**Description of the task:** Look in the listing below for the line that has "Le trèfle patiné", then return it and each following line up to and including the one with "元気が出るかも」アクリル画 縦162×横162cm 価格:1,650,000円", exactly and without pictures.

Records for this task START

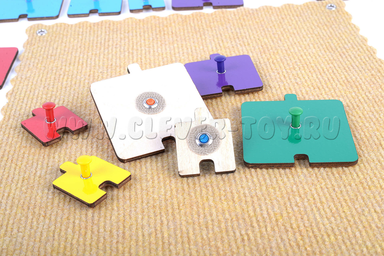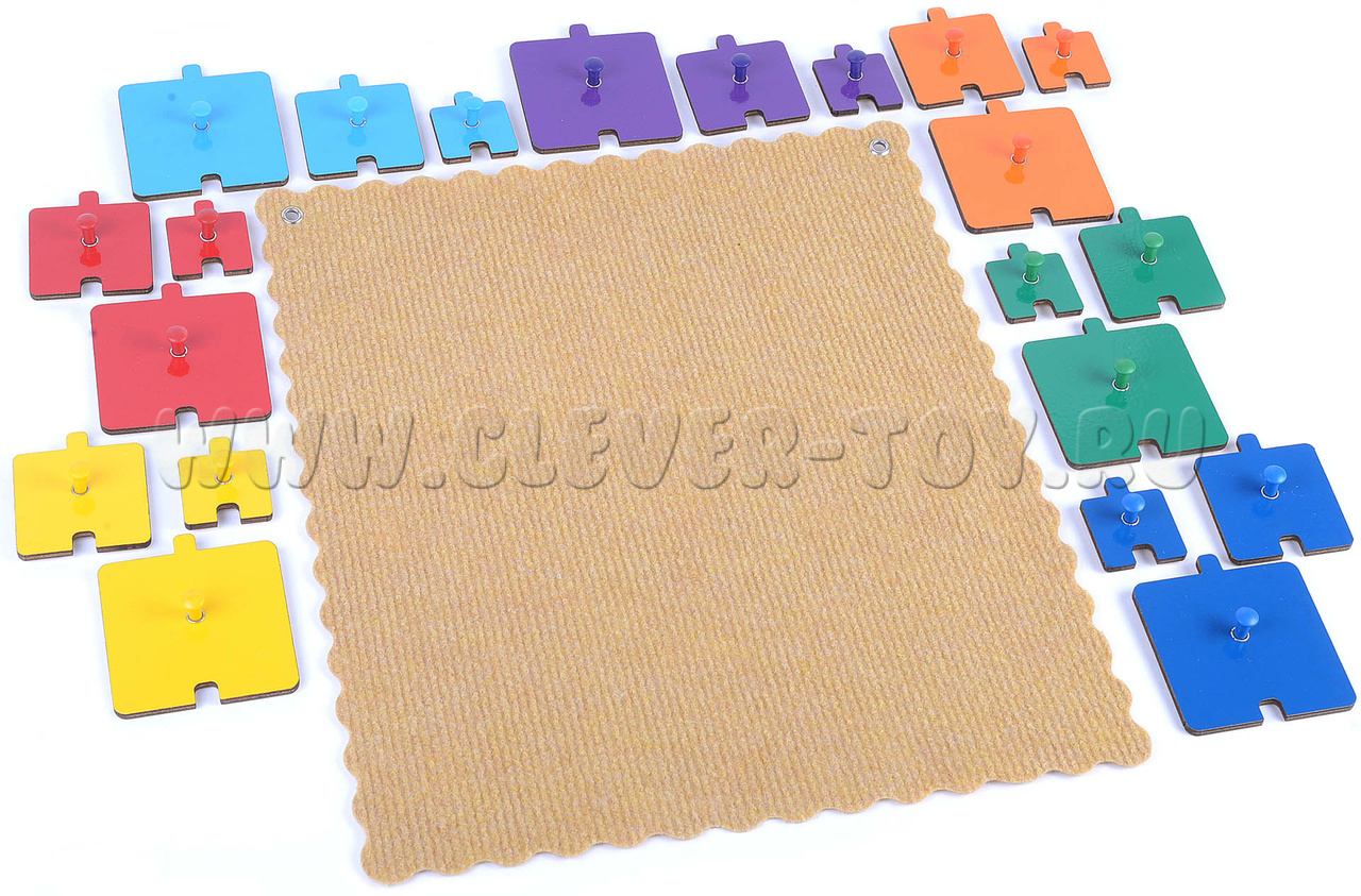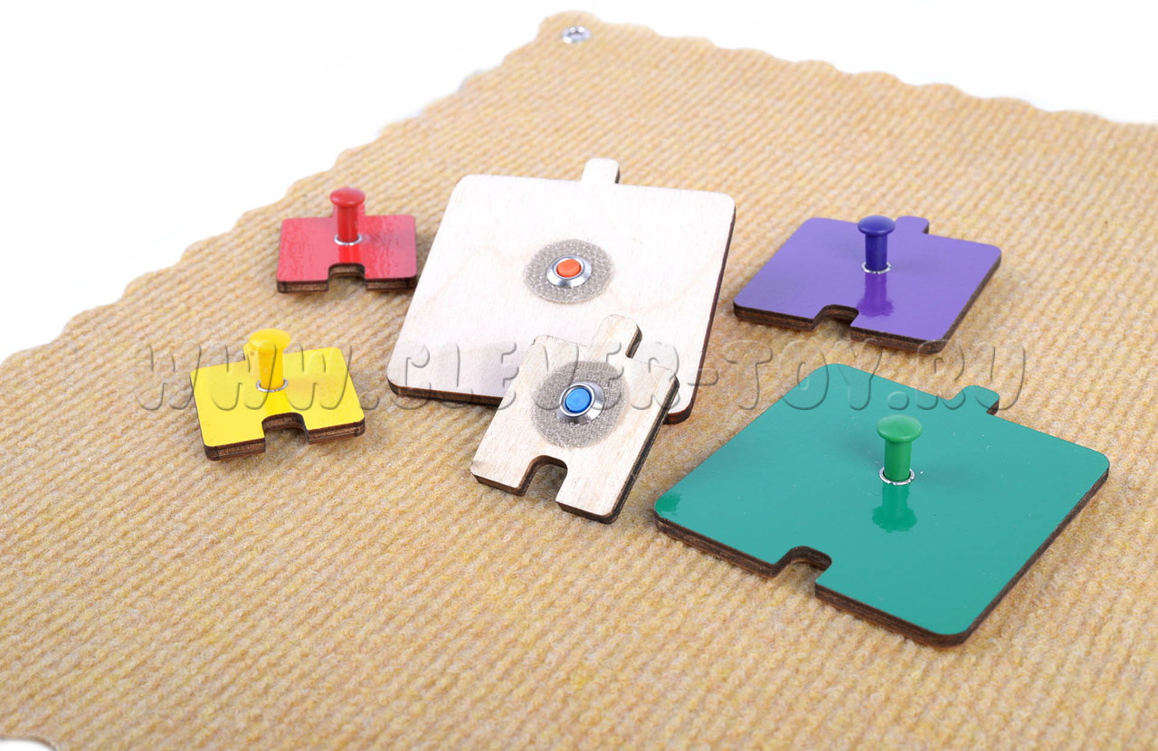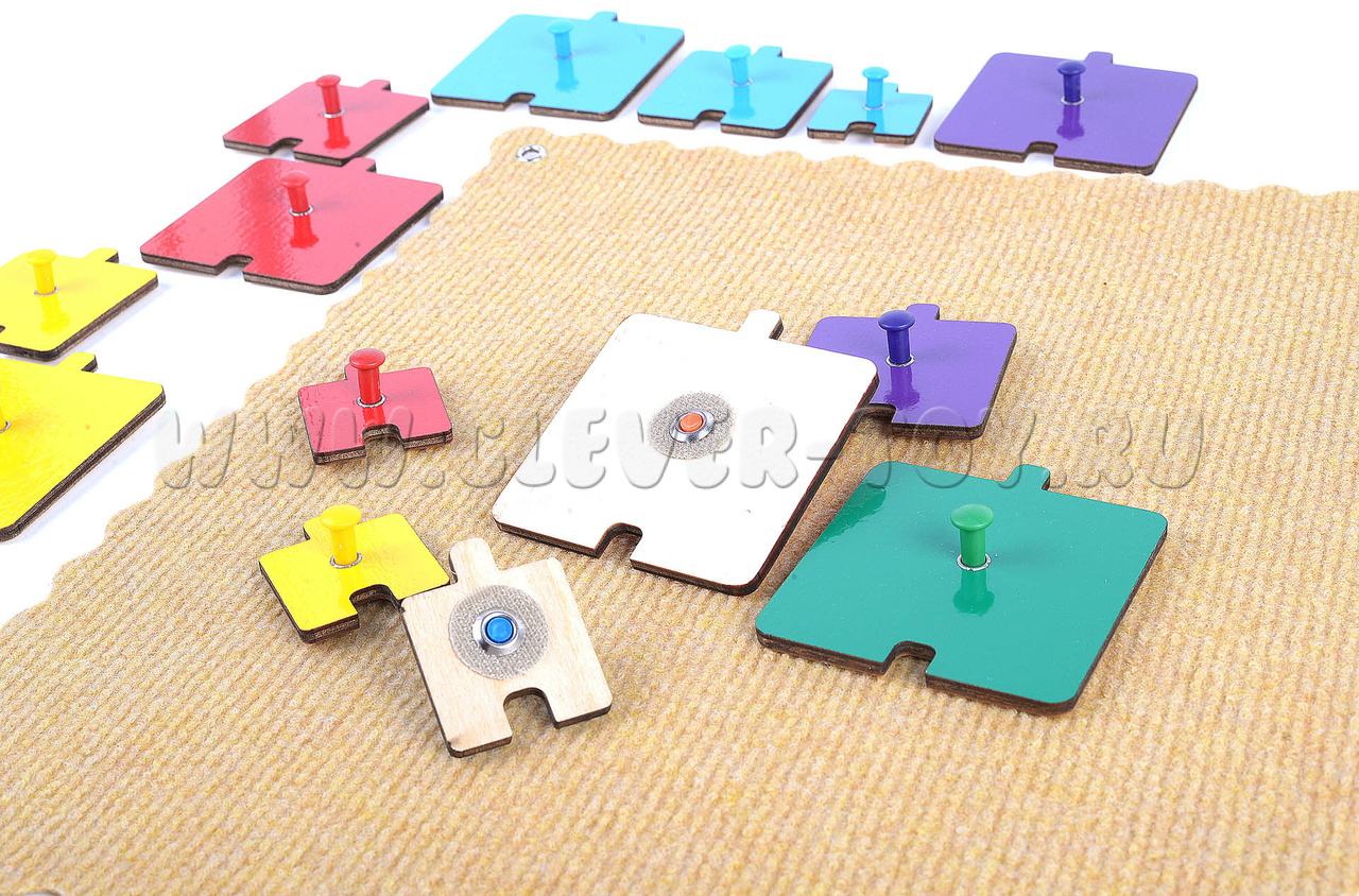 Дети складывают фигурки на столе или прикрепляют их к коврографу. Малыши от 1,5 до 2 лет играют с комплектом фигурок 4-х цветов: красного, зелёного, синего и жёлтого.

Records for this task END
Records for this task START

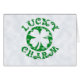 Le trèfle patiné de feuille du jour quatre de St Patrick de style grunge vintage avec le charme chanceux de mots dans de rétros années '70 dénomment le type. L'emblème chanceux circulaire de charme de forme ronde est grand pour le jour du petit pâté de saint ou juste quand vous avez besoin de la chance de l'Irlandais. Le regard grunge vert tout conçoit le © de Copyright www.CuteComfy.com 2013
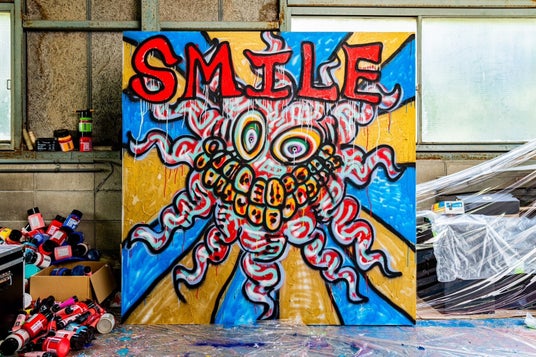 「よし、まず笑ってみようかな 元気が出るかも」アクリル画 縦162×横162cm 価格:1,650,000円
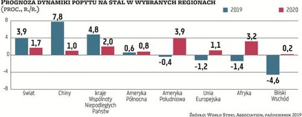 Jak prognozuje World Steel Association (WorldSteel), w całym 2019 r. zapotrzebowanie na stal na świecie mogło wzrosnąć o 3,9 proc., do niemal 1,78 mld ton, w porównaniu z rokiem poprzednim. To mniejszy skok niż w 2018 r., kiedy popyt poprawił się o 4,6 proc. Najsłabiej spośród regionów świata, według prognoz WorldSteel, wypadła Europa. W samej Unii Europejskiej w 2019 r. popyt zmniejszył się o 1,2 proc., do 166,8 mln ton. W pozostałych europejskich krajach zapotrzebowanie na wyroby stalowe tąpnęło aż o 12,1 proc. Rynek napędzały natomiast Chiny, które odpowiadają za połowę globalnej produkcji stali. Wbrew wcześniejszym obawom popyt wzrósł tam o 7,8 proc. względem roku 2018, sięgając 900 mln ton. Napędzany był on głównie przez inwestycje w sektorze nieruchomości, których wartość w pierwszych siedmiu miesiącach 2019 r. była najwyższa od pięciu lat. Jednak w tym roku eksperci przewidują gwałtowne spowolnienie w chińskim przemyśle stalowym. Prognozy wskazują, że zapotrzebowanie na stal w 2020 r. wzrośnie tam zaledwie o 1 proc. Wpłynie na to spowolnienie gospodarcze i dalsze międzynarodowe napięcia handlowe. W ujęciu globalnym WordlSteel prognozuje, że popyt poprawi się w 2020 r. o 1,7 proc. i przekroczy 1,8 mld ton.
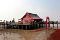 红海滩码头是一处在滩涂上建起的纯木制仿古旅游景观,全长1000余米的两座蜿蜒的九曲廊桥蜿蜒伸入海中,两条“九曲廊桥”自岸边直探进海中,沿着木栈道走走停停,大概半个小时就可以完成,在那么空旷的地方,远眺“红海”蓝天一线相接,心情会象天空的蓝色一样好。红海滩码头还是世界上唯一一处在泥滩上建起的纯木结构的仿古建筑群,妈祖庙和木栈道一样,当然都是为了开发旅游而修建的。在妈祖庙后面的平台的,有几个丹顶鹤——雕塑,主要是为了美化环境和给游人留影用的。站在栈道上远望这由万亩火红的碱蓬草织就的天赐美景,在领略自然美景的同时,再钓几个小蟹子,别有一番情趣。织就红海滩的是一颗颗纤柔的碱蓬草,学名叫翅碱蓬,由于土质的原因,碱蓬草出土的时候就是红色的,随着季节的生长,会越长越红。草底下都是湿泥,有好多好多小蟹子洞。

Records for this task END
Records for this task START

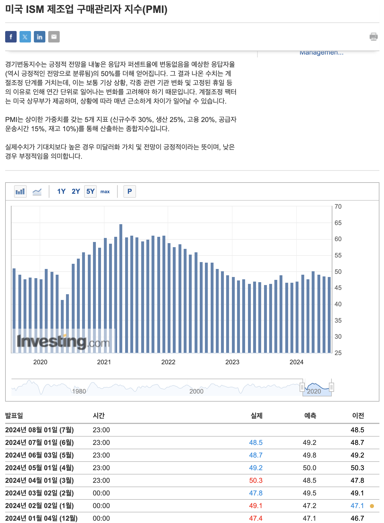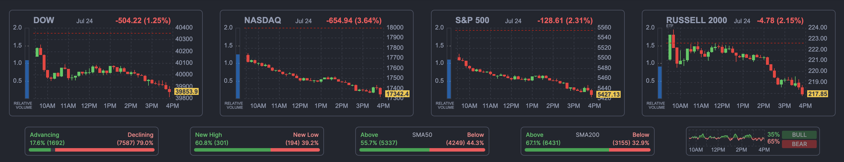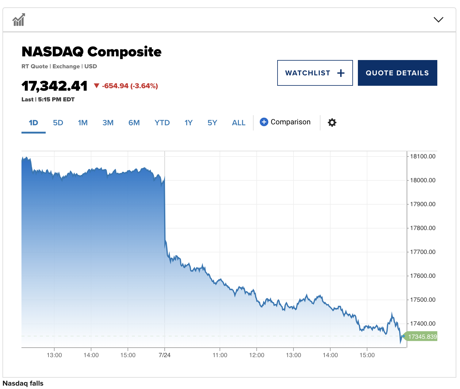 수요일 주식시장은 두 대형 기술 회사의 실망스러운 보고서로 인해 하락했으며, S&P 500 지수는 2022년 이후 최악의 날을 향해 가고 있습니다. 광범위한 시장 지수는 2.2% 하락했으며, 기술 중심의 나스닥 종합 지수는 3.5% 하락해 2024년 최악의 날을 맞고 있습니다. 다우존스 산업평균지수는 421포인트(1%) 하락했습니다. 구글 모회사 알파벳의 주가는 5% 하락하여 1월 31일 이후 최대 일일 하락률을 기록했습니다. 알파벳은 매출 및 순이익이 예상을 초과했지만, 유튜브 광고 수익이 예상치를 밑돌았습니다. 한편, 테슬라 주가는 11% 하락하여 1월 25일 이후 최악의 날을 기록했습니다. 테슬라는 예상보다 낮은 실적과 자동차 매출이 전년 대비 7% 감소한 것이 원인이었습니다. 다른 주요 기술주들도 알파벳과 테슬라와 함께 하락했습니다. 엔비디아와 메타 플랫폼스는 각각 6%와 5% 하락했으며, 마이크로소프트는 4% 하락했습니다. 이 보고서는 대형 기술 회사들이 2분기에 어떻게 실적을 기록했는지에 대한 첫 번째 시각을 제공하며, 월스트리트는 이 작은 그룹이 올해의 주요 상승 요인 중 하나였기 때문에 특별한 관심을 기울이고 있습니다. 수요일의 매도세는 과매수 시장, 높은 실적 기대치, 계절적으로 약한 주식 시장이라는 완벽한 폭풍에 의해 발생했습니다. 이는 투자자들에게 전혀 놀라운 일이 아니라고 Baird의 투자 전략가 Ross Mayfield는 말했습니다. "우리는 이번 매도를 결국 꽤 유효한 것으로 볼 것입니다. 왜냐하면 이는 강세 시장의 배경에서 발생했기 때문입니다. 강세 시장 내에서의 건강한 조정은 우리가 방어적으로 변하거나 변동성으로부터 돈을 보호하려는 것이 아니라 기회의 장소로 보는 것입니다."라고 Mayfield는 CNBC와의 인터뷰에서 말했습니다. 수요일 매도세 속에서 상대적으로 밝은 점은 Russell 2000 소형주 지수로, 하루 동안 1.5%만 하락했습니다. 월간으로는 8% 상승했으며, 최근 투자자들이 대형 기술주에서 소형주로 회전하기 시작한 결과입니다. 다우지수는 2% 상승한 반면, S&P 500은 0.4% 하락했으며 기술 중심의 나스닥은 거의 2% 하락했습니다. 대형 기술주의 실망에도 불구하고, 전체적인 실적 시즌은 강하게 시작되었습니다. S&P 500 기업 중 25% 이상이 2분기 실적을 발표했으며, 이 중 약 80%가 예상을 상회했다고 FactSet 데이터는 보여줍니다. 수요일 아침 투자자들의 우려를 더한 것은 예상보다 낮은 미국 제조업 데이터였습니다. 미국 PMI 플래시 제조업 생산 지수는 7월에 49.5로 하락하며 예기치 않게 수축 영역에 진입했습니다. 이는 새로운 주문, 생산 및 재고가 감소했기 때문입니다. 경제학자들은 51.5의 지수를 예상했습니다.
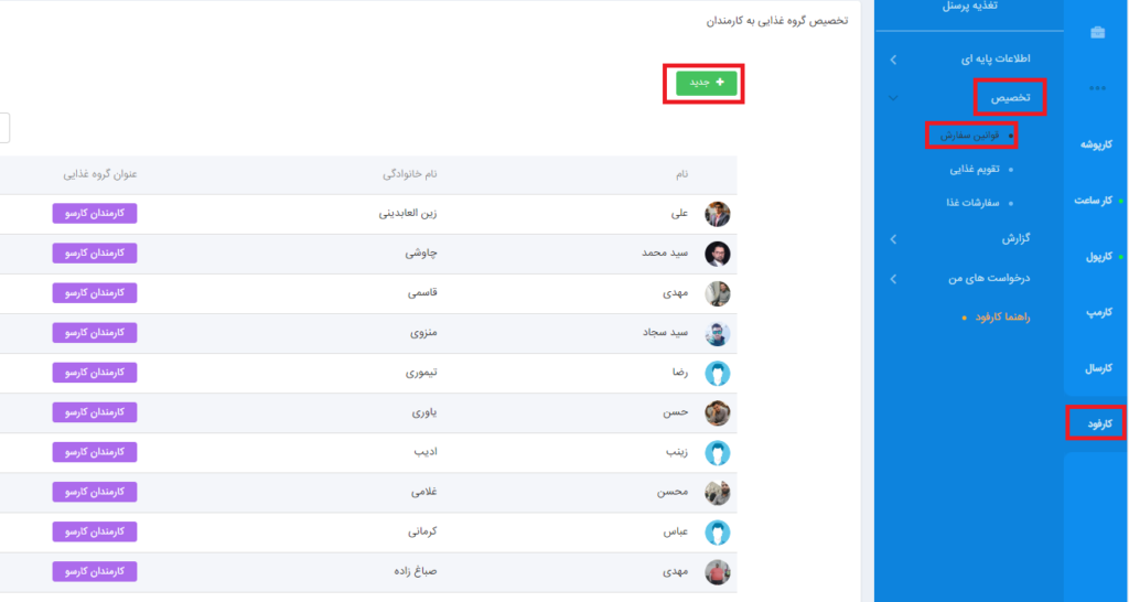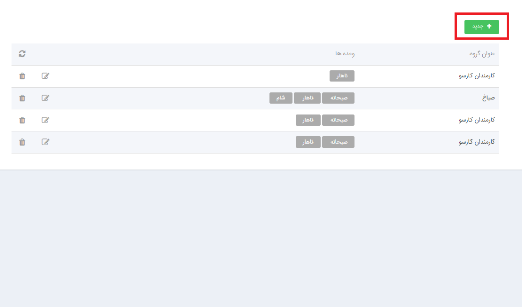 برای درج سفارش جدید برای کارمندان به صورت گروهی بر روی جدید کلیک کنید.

Records for this task END

**Solution:**
 Le trèfle patiné de feuille du jour quatre de St Patrick de style grunge vintage avec le charme chanceux de mots dans de rétros années '70 dénomment le type. L'emblème chanceux circulaire de charme de forme ronde est grand pour le jour du petit pâté de saint ou juste quand vous avez besoin de la chance de l'Irlandais. Le regard grunge vert tout conçoit le © de Copyright www.CuteComfy.com 2013
 「よし、まず笑ってみようかな 元気が出るかも」アクリル画 縦162×横162cm 価格:1,650,000円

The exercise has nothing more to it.